The Adaptive Metropolis (AM) algorithm is based on the symmetric random-walk Metropolis algorithm. The proposal distribution has the following time-dependent covariance matrix, at step $n+1$ , $S_n=\mathrm{Cov}(X_1,\ldots,X_n)+\varepsilon I$, that is, the sample covariance matrix of the history of the chain plus a (small) constant $\varepsilon>0$ multiple of the identity matrix $I$ . The lower bound on the eigenvalues of $S_n$ induced by the factor $\varepsilon I$ is theoretically convenient, but practically cumbersome, as a good value for the parameter $\varepsilon$ may not always be easy to choose. This article considers variants of the AM algorithm that do not explicitly bound the eigenvalues of $S_n$ away from zero. The behaviour of $S_n$ is studied in detail, indicating that the eigenvalues of $S_n$ do not tend to collapse to zero in general.

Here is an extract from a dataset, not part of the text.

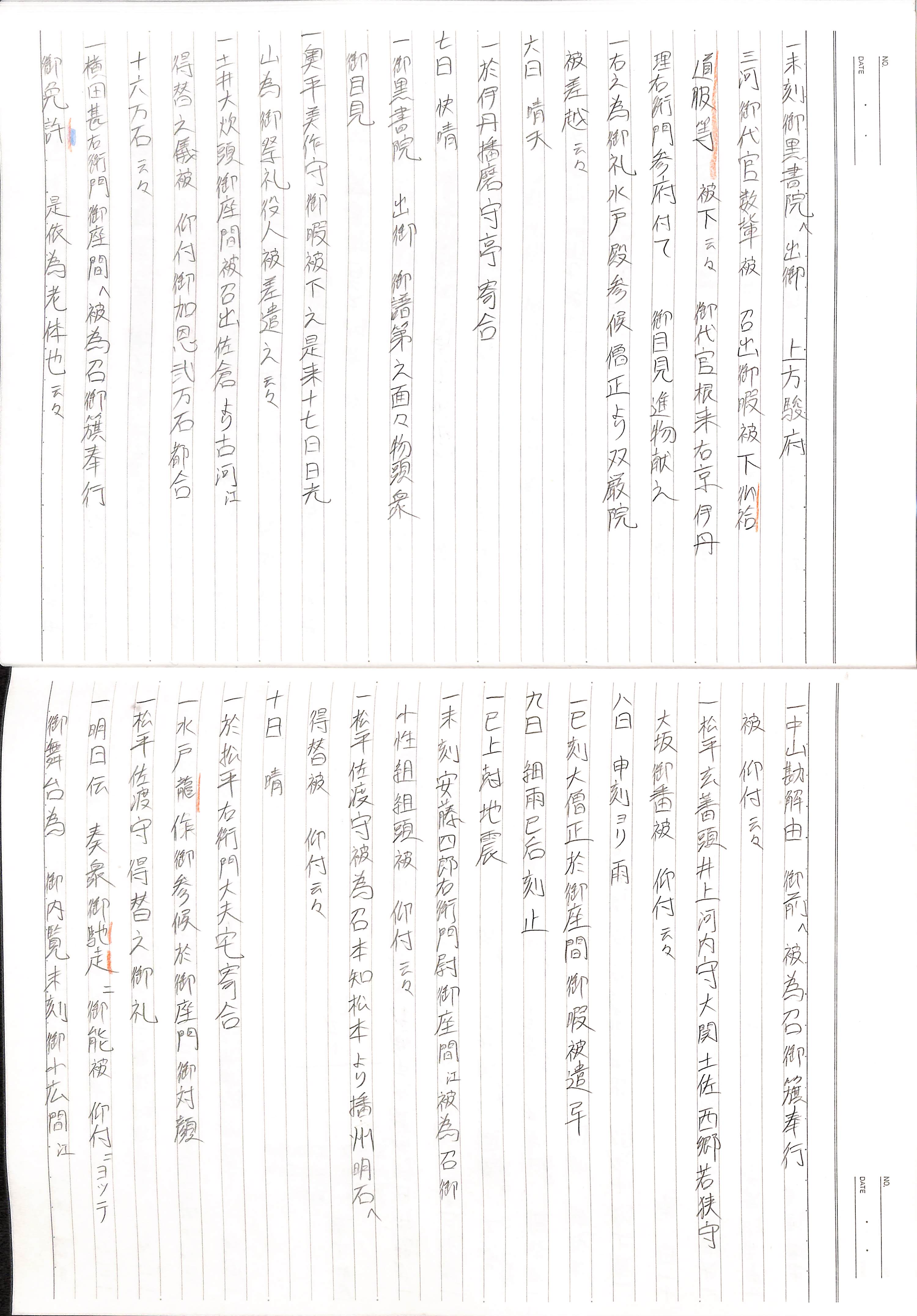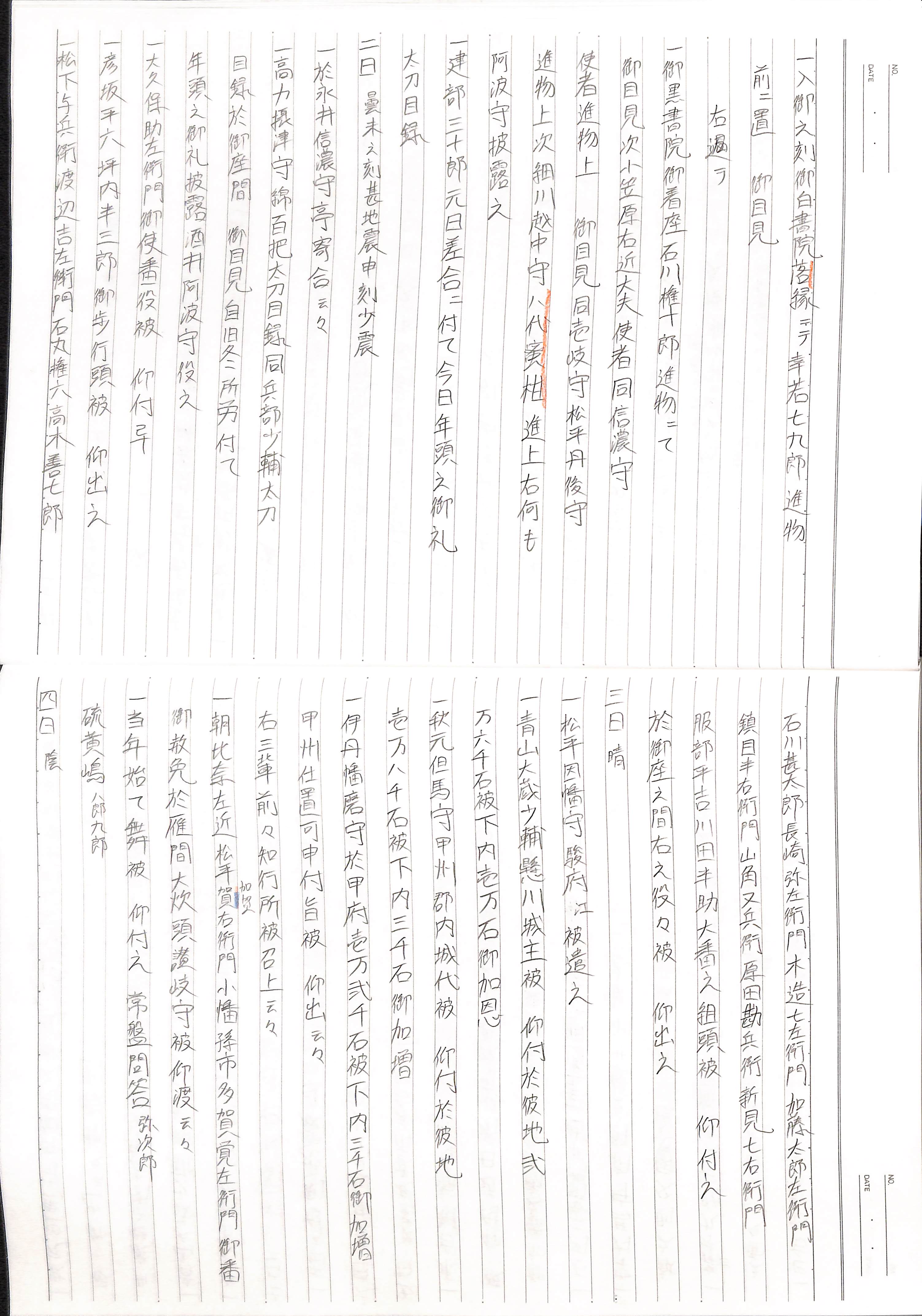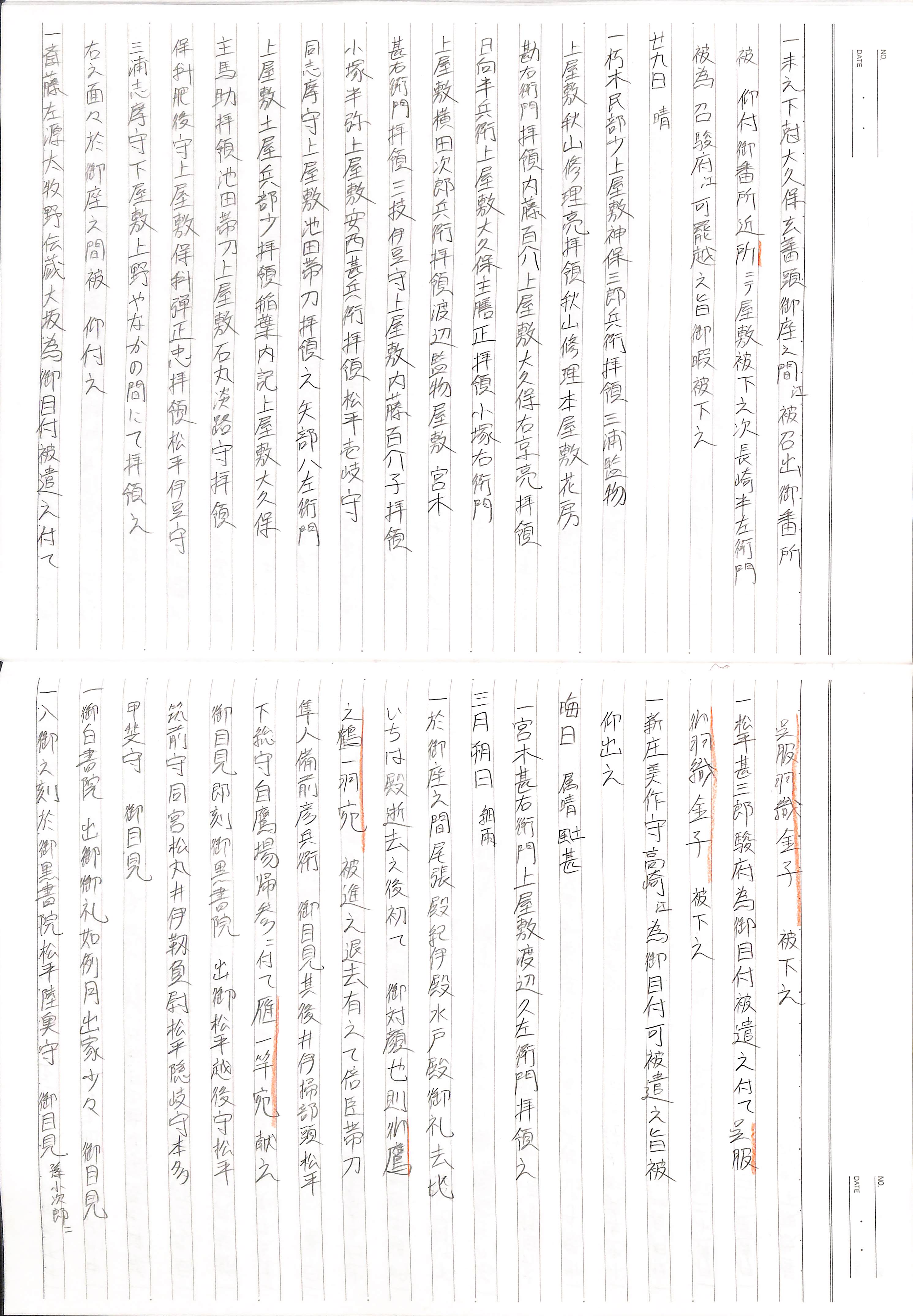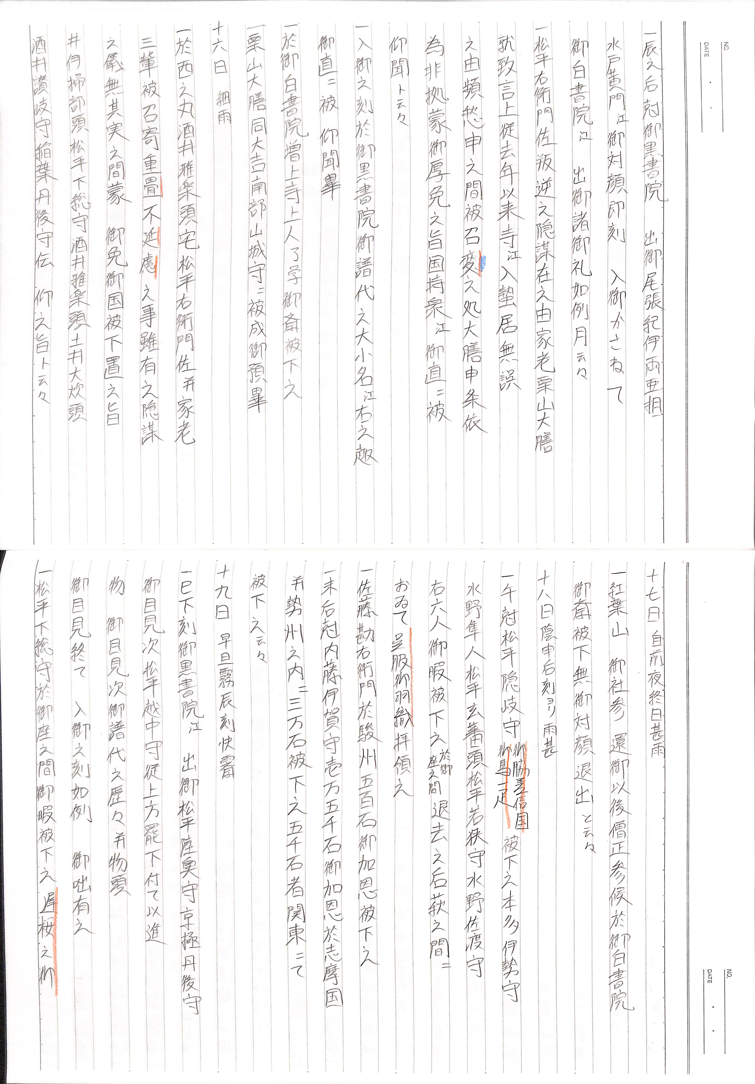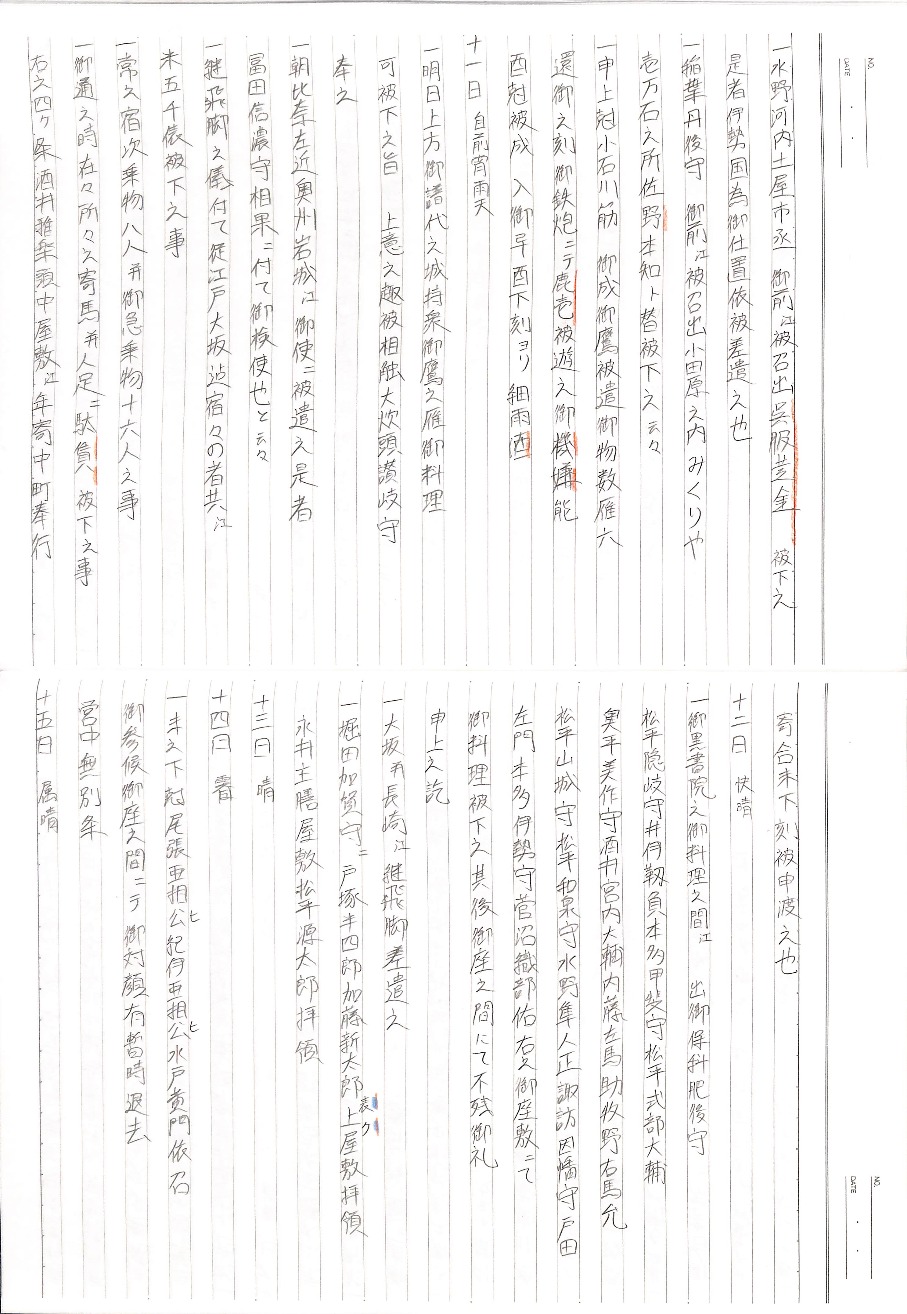 藤井讓治監修『江戸幕府日記姫路酒井家本』第2巻(ゆまに書房、2003年)より作成。原史料は姫路市立城郭研究室所蔵。

In dimension one, it is shown that $S_n$ is bounded away from zero if the logarithmic target density is uniformly continuous. For a modification of the AM algorithm including an additional fixed component in the proposal distribution, the eigenvalues of $S_n$ are shown to stay away from zero with a practically non-restrictive condition. This result implies a strong law of large numbers for super-exponentially decaying target distributions with regular contours.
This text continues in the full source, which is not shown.